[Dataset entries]
#####
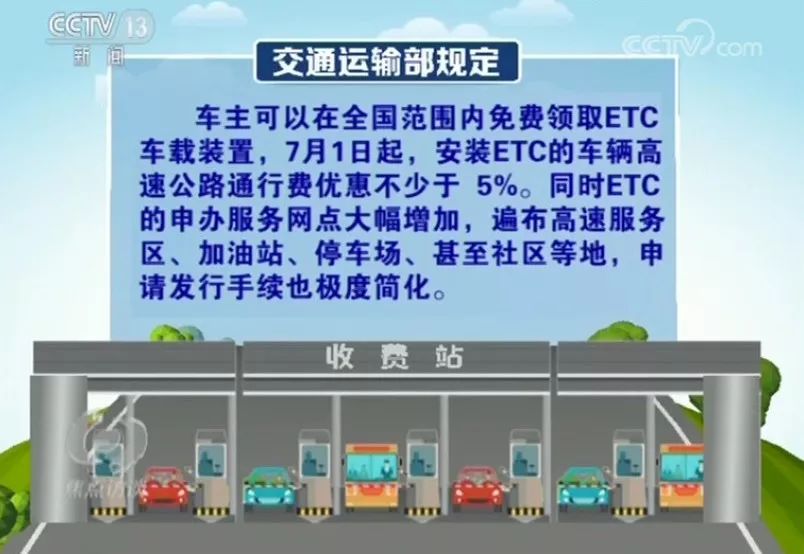 交通运输部规定,车主可以在全国范围内免费领取ETC车载装置,7月1日起,安装ETC的车辆高速公路通行费优惠不少于5%!
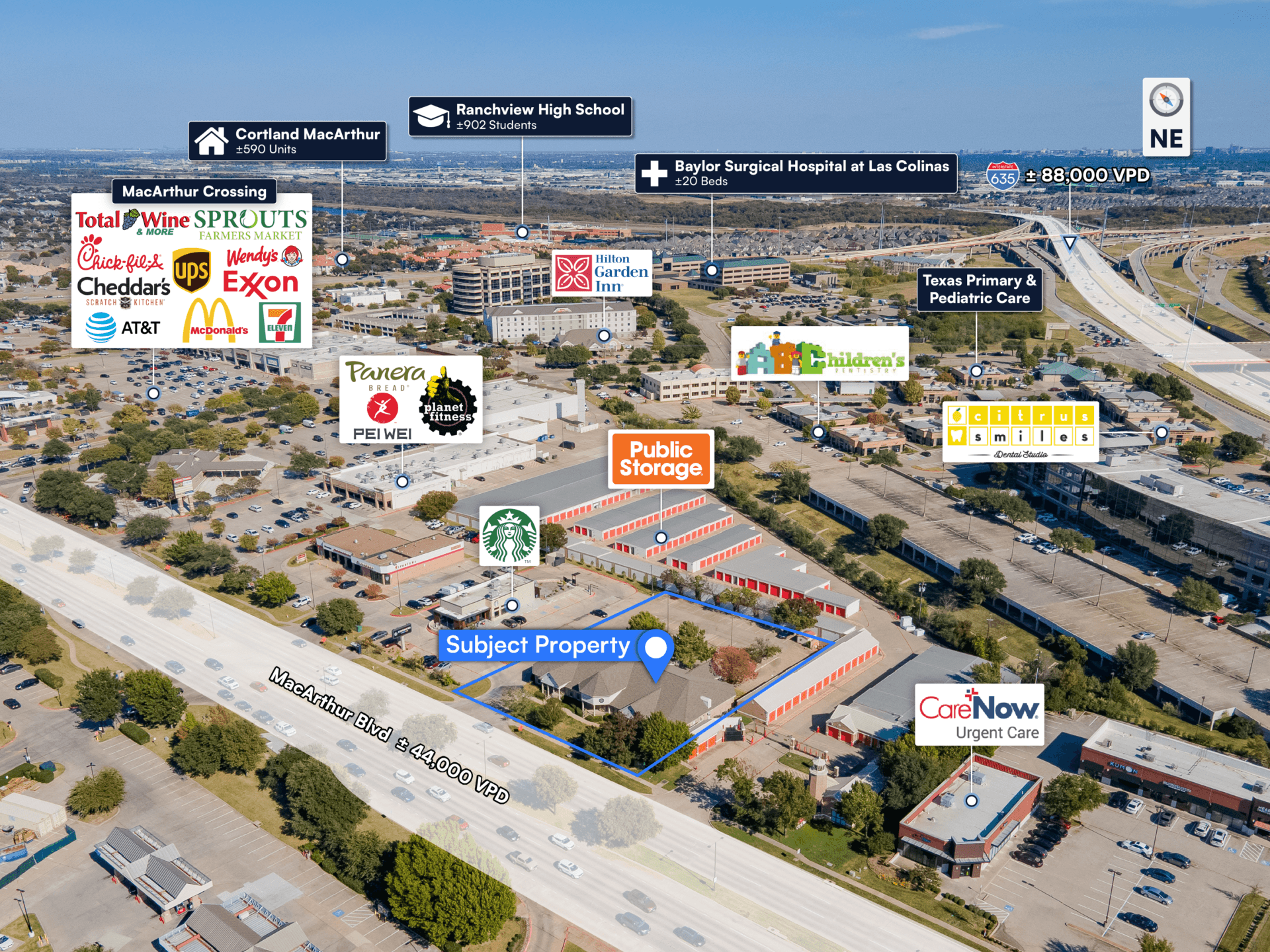 Highly Visible, Retail-Oriented Location: Positioned along North MacArthur Boulevard, the clinic benefits from strong daily traffic, excellent visibility, and proximity to major shopping centers and national retailers, enhancing convenience, repeat visitation, and long-term site relevance within the DFW Metroplex.
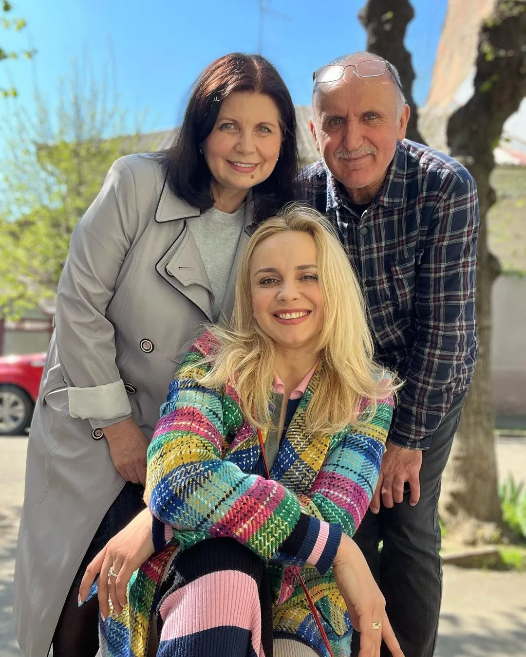 Акторка поділилась рідкісним фото з прогулянки з батьками у сонячних Чернівцях. Вона позувала перед камерою у смугастих штанах та яскравому пальті.
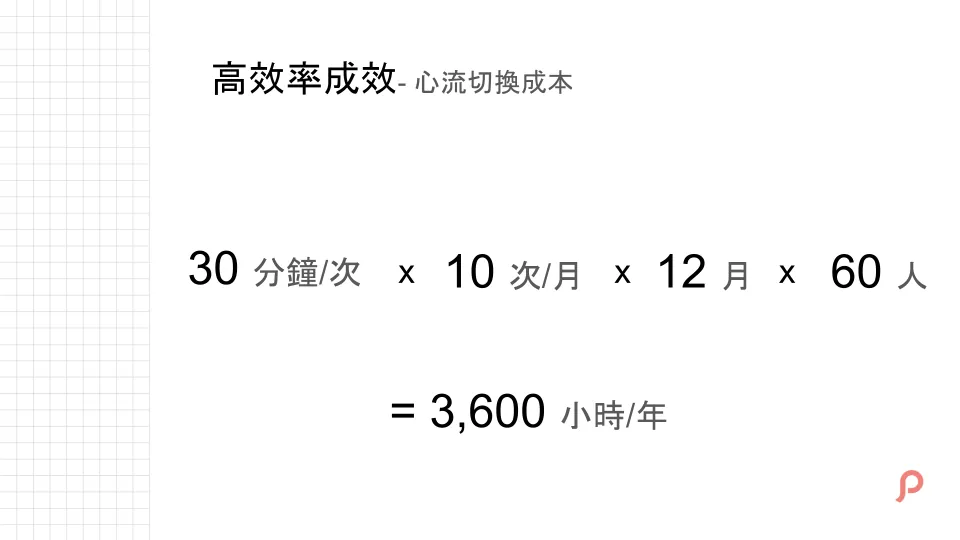 被无谓的事打断的心流切换成本也应该列入计算,这边抓 30 分钟每次,一个月发生 10 次,60 人一年就多浪费 3,600 小时。
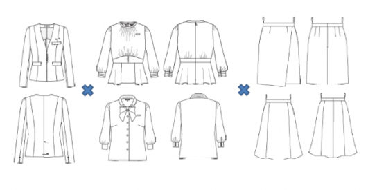 ブラウスはタックとボウタイ、スカートはフレアとタイトのそれぞれ2種類、スタッフが好きな組み合わせを選ぶことができる。
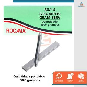 CARACTERÍSTICAS TÉCNICAS: Material: Aço carbono Medidas: 10mm altura x 12mm largura x 0,61mm x 0,94mm espessura Tipo do grampo: Tipo reto Acabamento do grampo: Zincado Quantidade por caixa: 4000 grampos Marca: Rocama Ref.: 7008716 Marca: Não Informado
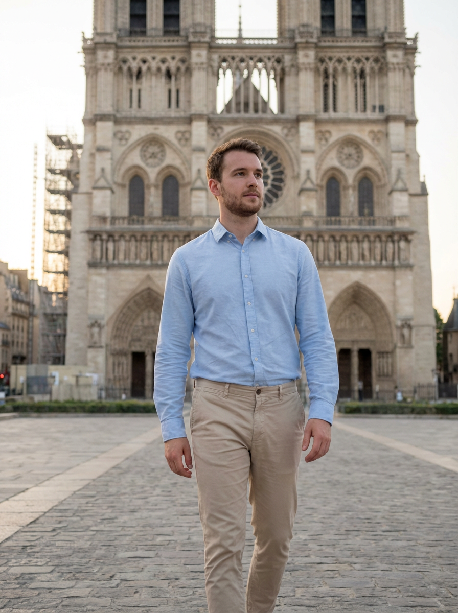 model at Notre-Dame Cathedral, wearing neat chinos with a collared shirt, walking through historic architecture
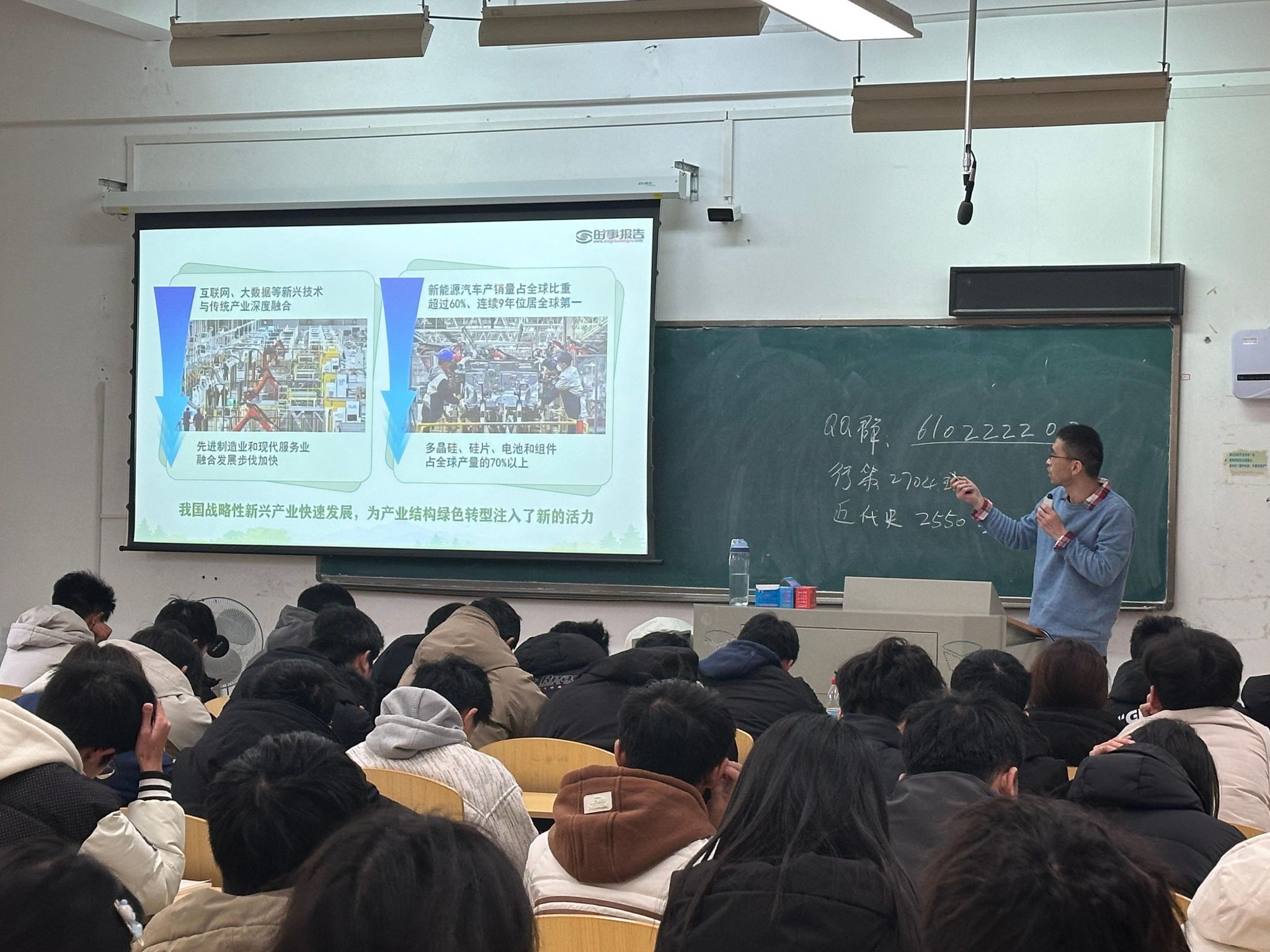 《秧bot》AI赛博秧歌引发对产业转型的思考,严禁露天焚烧秸秆政策的新变化,浏阳烟花秀背后的安全隐患……在主楼11203教室,马克思主义学院教师王目坤将时事新政巧妙融入课堂,以独特视角引导学生思考“厚植绿色底色,建设美丽中国”的主题。他鼓励学生:“每个人都是美丽中国建设的参与者,无论是在科技创新的前沿,还是在日常生活的点滴中,都应秉持绿色发展理念,为实现人与自然和谐共生的现代化贡献力量。”
#####
▶ Aim of the task: Your reply should consist solely of the lines above from the line containing "Highly Visible, Retail-Oriented" up to and including the line containing "被无谓的事打断的心流切换成本也应该列入计算,这边抓 30 分钟每次,一个月发生", reproduced exactly, minus the pictures.

▶ Result of this exercise:
 Highly Visible, Retail-Oriented Location: Positioned along North MacArthur Boulevard, the clinic benefits from strong daily traffic, excellent visibility, and proximity to major shopping centers and national retailers, enhancing convenience, repeat visitation, and long-term site relevance within the DFW Metroplex.
 Акторка поділилась рідкісним фото з прогулянки з батьками у сонячних Чернівцях. Вона позувала перед камерою у смугастих штанах та яскравому пальті.
 被无谓的事打断的心流切换成本也应该列入计算,这边抓 30 分钟每次,一个月发生 10 次,60 人一年就多浪费 3,600 小时。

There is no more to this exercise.